It will help narrow down the problem, if you try to do some other protocol 41 traffic. Either try a tunnel through another tunnel server (possibly a different provider), or try to setup 6to4, to verify if the problem affects those as well.
Hello
I'm having the same issue. My tunnel was allowing me to get to v6 sites yesterday with no issues. However this morning my router rebooted (openwrt). Power loss.
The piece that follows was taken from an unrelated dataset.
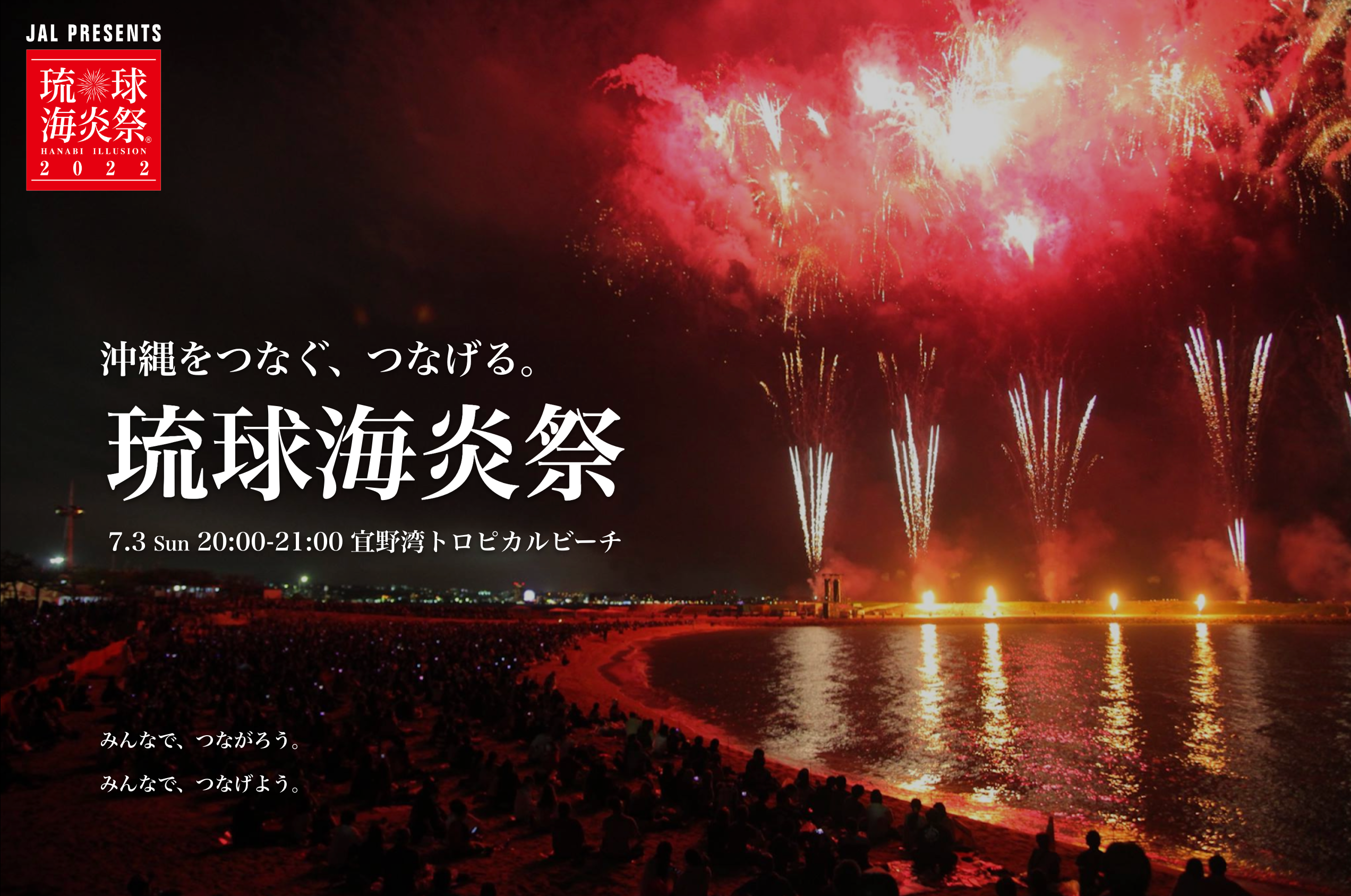 尽管由于新型冠状病毒肺炎 (COVID--19) 疫情的影响,琉球海炎节举步维艰,但我们举办2022年琉球海炎节的原因是,我们相信“烟花”的力量照亮了夜空。现在,想要向下的日子还在继续,但是烟花有向上的力量。我认为还有能力使冲绳县的旅游产业,食品和饮料产业以及许多公司向上发展。我希望能与热爱冲绳的人们一起,在夜空中燃放烟花,从而渡过难关。最后,请务必支持和合作。现在,要把心放在一起。大家一起连接吧。

Now my tunnel will pin up, but can't pass v6 traffic. I see my traffic leave and head to HE, but I get nothing back.
This appears to be a HE issue. As I can see my packets leave, but I don't get anything back. But I had a friend sned me Proto41 packets to my wan address and they were accepted.
6in4 interface showing packets coming in from my desktop and going to www.google.com
root@geonosis /root# tcpdump -vvi 6in4-HE6in4 -n host 2001:470:d:d6a:b498:f5d1:af69:f9c4
tcpdump: WARNING: 6in4-HE6in4: no IPv4 address assigned
tcpdump: listening on 6in4-HE6in4, link-type RAW (Raw IP), capture size 65535 bytes
13:40:13.996690 IP6 (hlim 127, next-header ICMPv6 (58) payload length: 40) 2001:470:d:d6a:b498:f5d1:af69:f9c4 > 2001:4860:4007:801::1014: [icmp6 sum ok] ICMP6, echo request, seq 45
13:40:18.603856 IP6 (hlim 127, next-header ICMPv6 (58) payload length: 40) 2001:470:d:d6a:b498:f5d1:af69:f9c4 > 2001:4860:4007:801::1014: [icmp6 sum ok] ICMP6, echo request, seq 46
13:40:23.604202 IP6 (hlim 127, next-header ICMPv6 (58) payload length: 40) 2001:470:d:d6a:b498:f5d1:af69:f9c4 > 2001:4860:4007:801::1014: [icmp6 sum ok] ICMP6, echo request, seq 47
13:40:28.603641 IP6 (hlim 127, next-header ICMPv6 (58) payload length: 40) 2001:470:d:d6a:b498:f5d1:af69:f9c4 > 2001:4860:4007:801::1014: [icmp6 sum ok] ICMP6, echo request, seq 48
^C
4 packets captured
4 packets received by filter
0 packets dropped by kernel
showing that i'm sending those packets to the LAX tserv15 .
root@geonosis /root# tcpdump -vvi pppoe-wan host 66.220.18.42 -n
tcpdump: listening on pppoe-wan, link-type LINUX_SLL (Linux cooked), capture size 65535 bytes
13:40:13.235172 IP (tos 0x0, ttl 64, id 0, offset 0, flags [DF], proto IPv6 (41), length 162)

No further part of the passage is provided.